Researchers have developed a platform of pan-cancer tumour organoids and a neural-network-based drug assay, that has the potential to advance precision medicine research in oncology.
Barriers to precision medicine
Precision medicine has recently emerged as a highly effective and durable approach for treating disease. It involves the identification and administration of therapies that target the unique biology of a patient’s disease. For cancer patients, targeted therapies have been developed against several molecular alterations present within tumours, such as oncogenic mutations. However, patients respond variably to these targeted treatments and there are no known therapies for many other alterations. Overall, poor knowledge surrounding cellular and genetic heterogeneity in cancer has limited progress in precision medicine.
Recently, patient-derived tumour organoid technology, or cellular models of diverse cancer types, has advanced oncological research. It has also facilitated therapeutic development and precision medicine studies. However, there has been a lack of scalable and reproducible methods to develop and profile tumour organoids. Furthermore, therapeutic profiling assays across these models have not been generalisable across different tumour types.
Pan-cancer tumour organoids
Recently, researchers from Tempus Labs in Chicago established a platform of pan-cancer tumour organoids for use in precision medicine. The platform can be applied to high-throughput translational research, such as biobanking, molecular profiling and drug screening. Their work has been published in Cell Reports.
The researchers generated tumour organoids by culturing metastatic tumours derived from 1,298 North American patients with major types of carcinomas. They further determined minimal culture conditions for initiating and propagating each type of tumour organoid. Except for certain gastric and pancreatic cancers, the growth factors Noggin and epidermal growth factor were sufficient to successfully culture organoids.
Critically, these cultured tumour organoids accurately represented the molecular features of patient tumours. DNA sequencing and whole-transcriptome analysis showed that organoids recapitulated the genomic and transcriptomic signatures of their corresponding source tumours. This was verified with an independent cohort of representative cancer patients.
Predicting patient-specific drug response
To use these organoids for drug development and precision medicine, the researchers developed a label-free, high-throughput organoid drug screening assay. Cell viability assays are generally used to measure a tumour’s response to drugs. However, variability in organoid generation has meant that technical replicates display high levels of variation.
Instead, the proposed assay monitors drug response by observing cells in real time under light microscopy. This approach is highly reproducible, minimises tumour processing and enables for high-throughput applications. From here, the researchers developed a neural network-based model to predict drug response from light microscopy.
The network revealed differential responses to clinically relevant drugs within tumour types, reflecting intratumoural heterogeneity. Variability in drug response may reveal mechanisms of therapeutic resistance, and thus provide predictive and prognostic biomarkers for individual response to treatment. Moreover, such temporal profiling of drug response may also allow for the quantification of transient responses, optimisation of appropriate time points for endpoint studies and characterisation of adaptive responses.
These findings hold the potential to greatly advance the utility of tumour organoids. The pan-cancer platform uses optimised, defined minimal media to successfully initiate and propagate tumour organoids. Importantly, the organoids retain genomic and transcriptomic fidelity to source tumours. Future organoid studies may thus be conducted with less complex media formulations, thereby reducing time, costs and user errors.

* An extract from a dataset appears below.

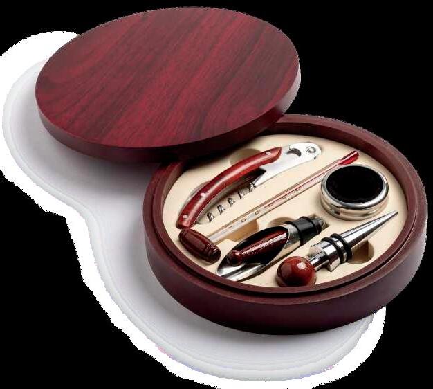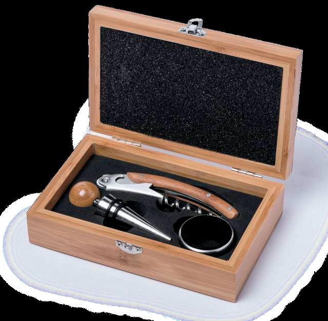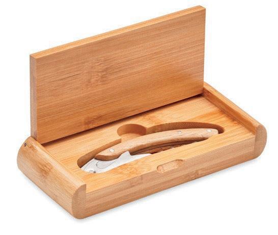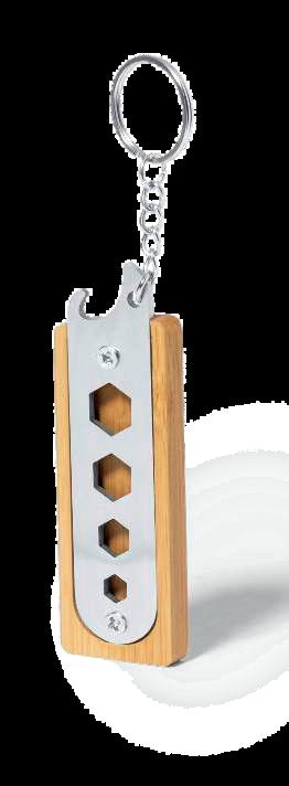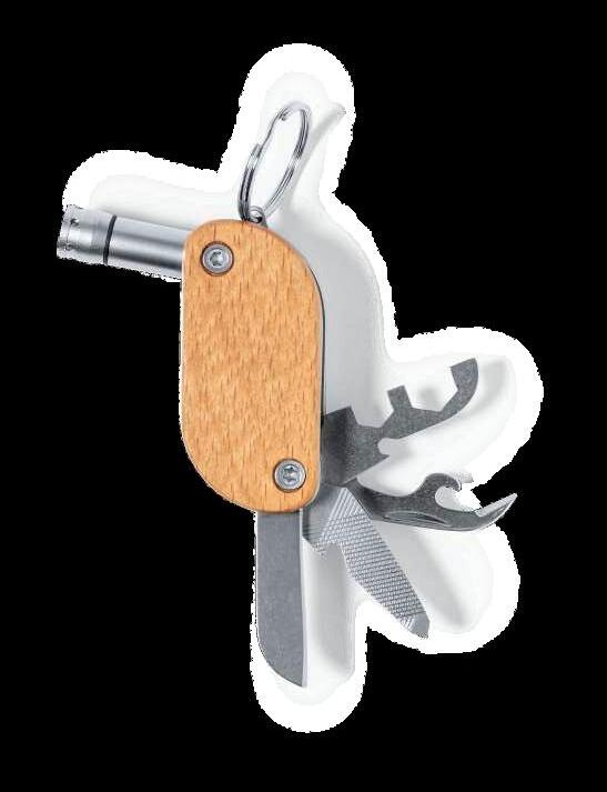 Handy multi-tool key ring made in resistant stainless steel and wood. With 9 functions: screwdriver, bottle opener, knife, can opener, file, several bits and one led torch.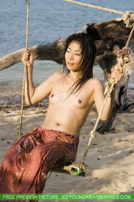 Hot Bunny Promotion: Asian teen Min strips naked and shows her tiny tits and pussy in the yard

Meanwhile, the neural network-based drug assay enables high-throughput in vitro profiling of potential therapeutics. Importantly, it is capable of predicting patient-specific variability in drug responses across tumour types.
The clinical applicability of these approaches still requires validation. Nevertheless, they represent potentially useful analytical tools for studying tumour organoid development, drug screening and monitoring patient response to therapy. Ultimately, this work brings the field of oncology one step closer towards achieving the goal of precision medicine.